BEGIN RECORDS SHOWN
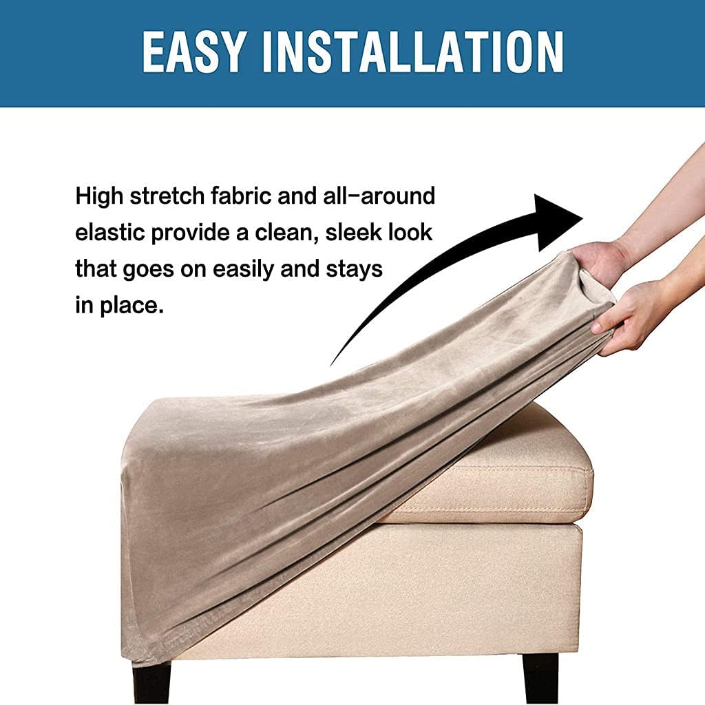 This cozy and soft plush velvet ottoman cover gives your living room a fresh look while protecting your furniture from pet hair, spills, and more. Our covers are Designed and ready-made to fit a variety of furniture. Made of soft velvet plush Fabric, each soft and bouncy ottoman cover is elasticated for a Perfect Fit.Specification:Product name: Pouf CoverMaterial: Soft velvetSize:Large:L-68-106cm(27-42in),W-50-76cm(20-30in),H-33-50cm(13-20in)X-Large:L-83-116cm(33-46in),W-63-81cm(25-32in),H-33-58cm(12-23in)Include:1 seat Ottoman Covers(Note: We only sell Footstool Covers, not including footstools!!!)Characteristic:Made of durable original velvet Fabric, soft, smooth and comfortable.Highly elastic and handcrafted make this sofa cover perfect for most sizes and styles, practical and aesthetic for your room decor.Note:Wrinkle-free for easy maintenance. Machine wash cold, Do not bleach, tumble dry low and do not ironDue to different monitors or screens, the colors may be slightly different as you see, but never change itself sights.
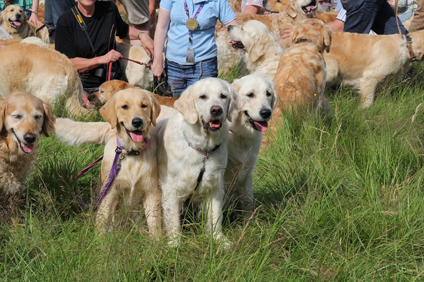 金毛犬,又名金毛尋回犬(Golden Retriever),其友好溫順的個(gè)性深得人們喜愛(ài),在全球累積了不少“金毛粉絲”。據(jù)英國(guó)《每日郵報(bào)》8月13日?qǐng)?bào)道,英國(guó)北部蘇格蘭的金毛俱樂(lè)部在上個(gè)月舉辦了第三場(chǎng)世界級(jí)的金毛犬聚會(huì),邀請(qǐng)全世界的金毛飼養(yǎng)者帶著他們可愛(ài)的寵物——金毛犬,前來(lái)共享這一歡樂(lè)的時(shí)刻。而最終參加這個(gè)聚會(huì)的,有222只金毛犬。
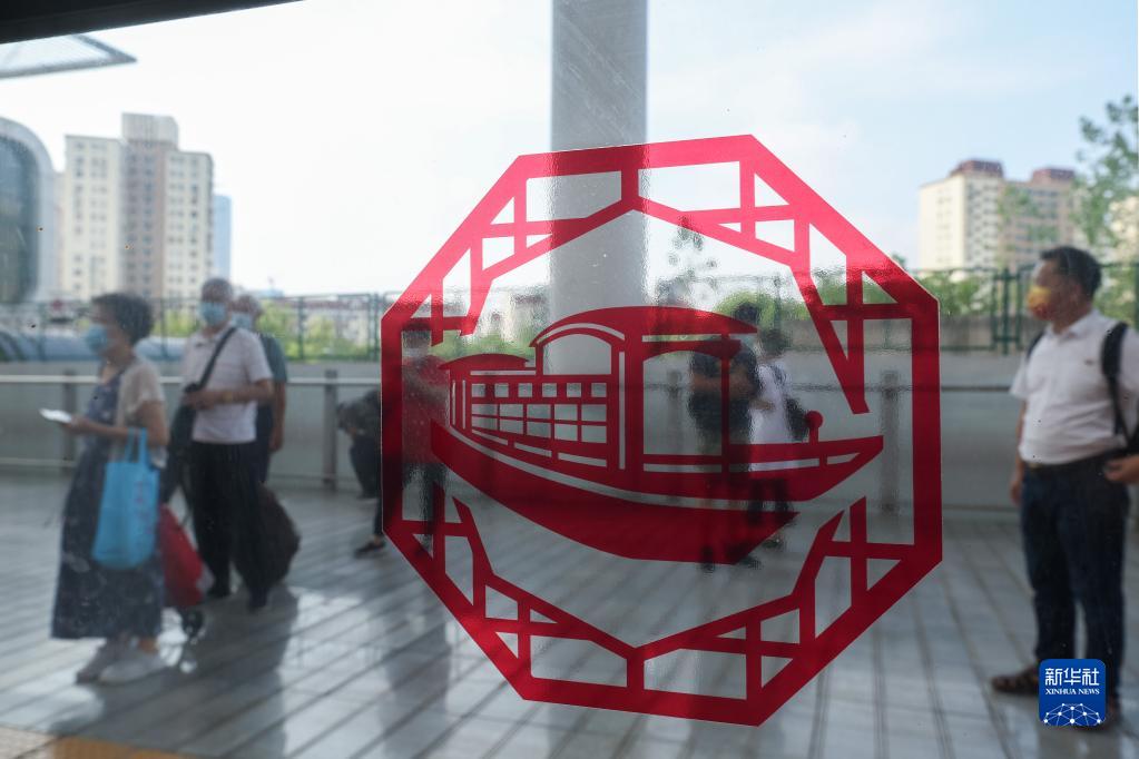8月30日,旅客在貼著(zhù)“南湖紅船”剪紙的Y701次旅游列車(chē)旁排隊候車(chē)。
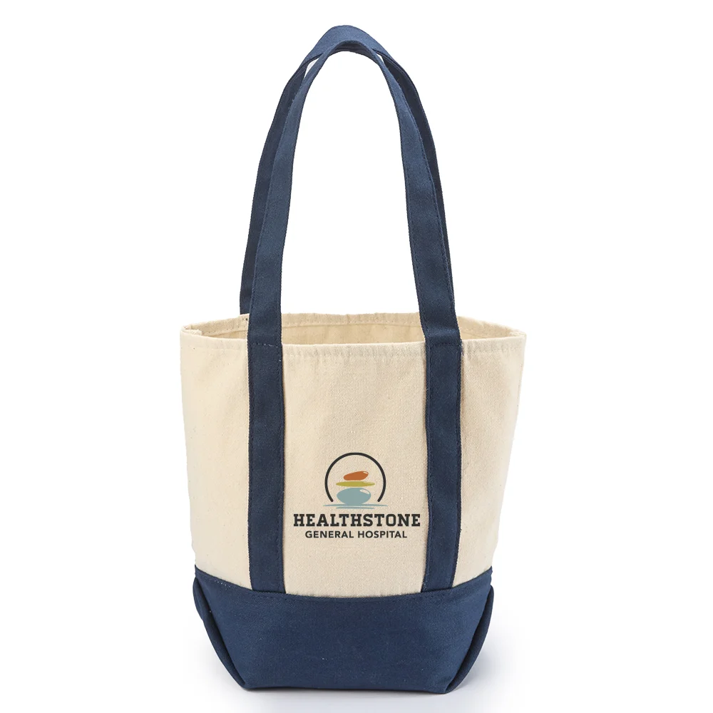 Personalized Cotton Tote: Open-top design; Natural color with contrasting shoulder straps and trim; Easy-access front pocket; 320-gsm. sustainable blend of 70% recycled 10-oz. cotton canvas / 30% polyester; 18" handles fit comfortably over shoulder
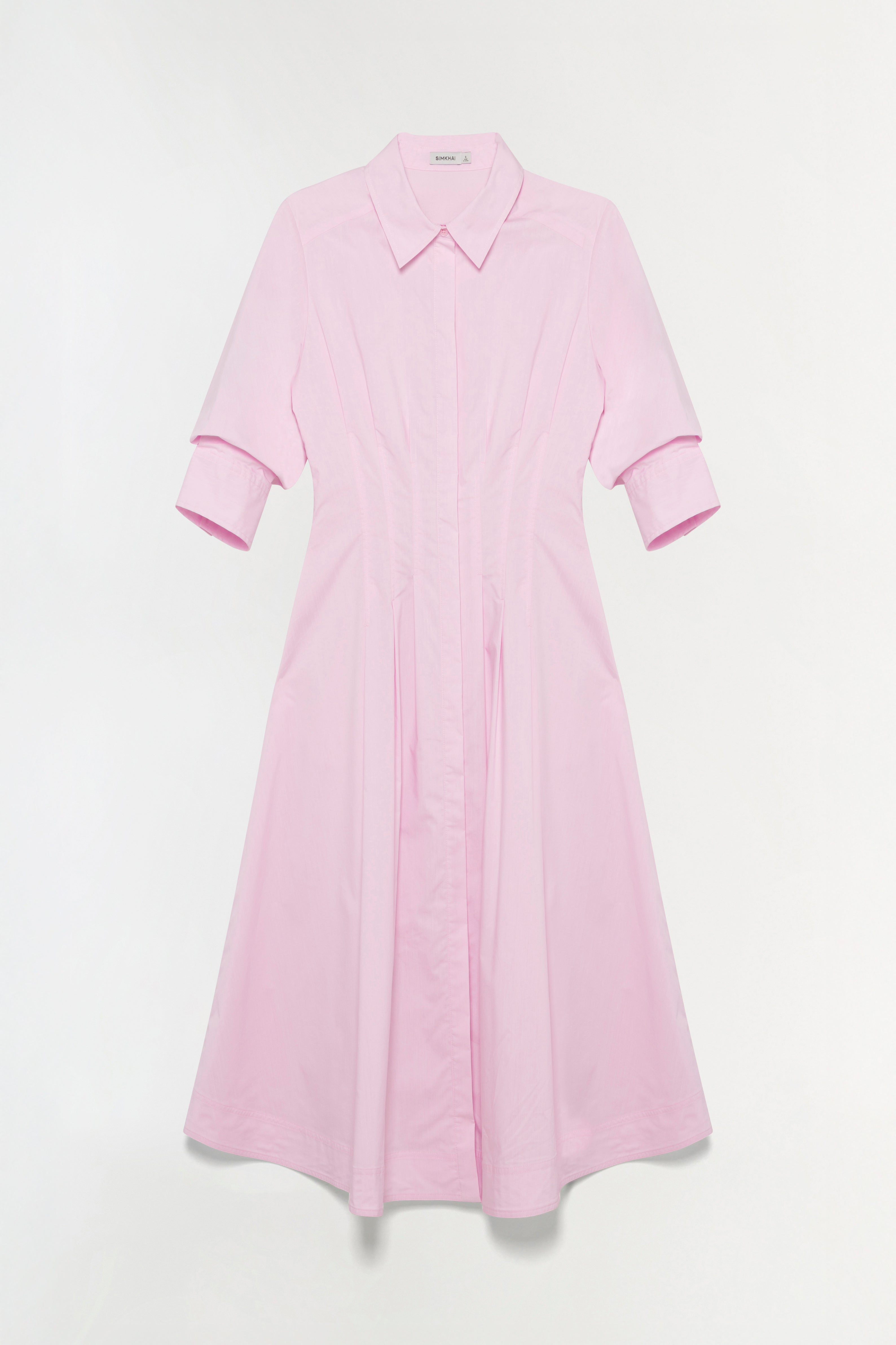 The Jazz Pintuck Midi Dress in Tulip. This polished pintuck midi, crafted from crisp cotton poplin features a defined waist, structured collar, and a flowing A-line silhouette.
END RECORDS SHOWN
Begin with the line containing "Personalized Cotton Tote: Open-top" and end with the last line of the material above; return exactly those lines, both ends included, and omit all pictures.

 Personalized Cotton Tote: Open-top design; Natural color with contrasting shoulder straps and trim; Easy-access front pocket; 320-gsm. sustainable blend of 70% recycled 10-oz. cotton canvas / 30% polyester; 18" handles fit comfortably over shoulder
 The Jazz Pintuck Midi Dress in Tulip. This polished pintuck midi, crafted from crisp cotton poplin features a defined waist, structured collar, and a flowing A-line silhouette.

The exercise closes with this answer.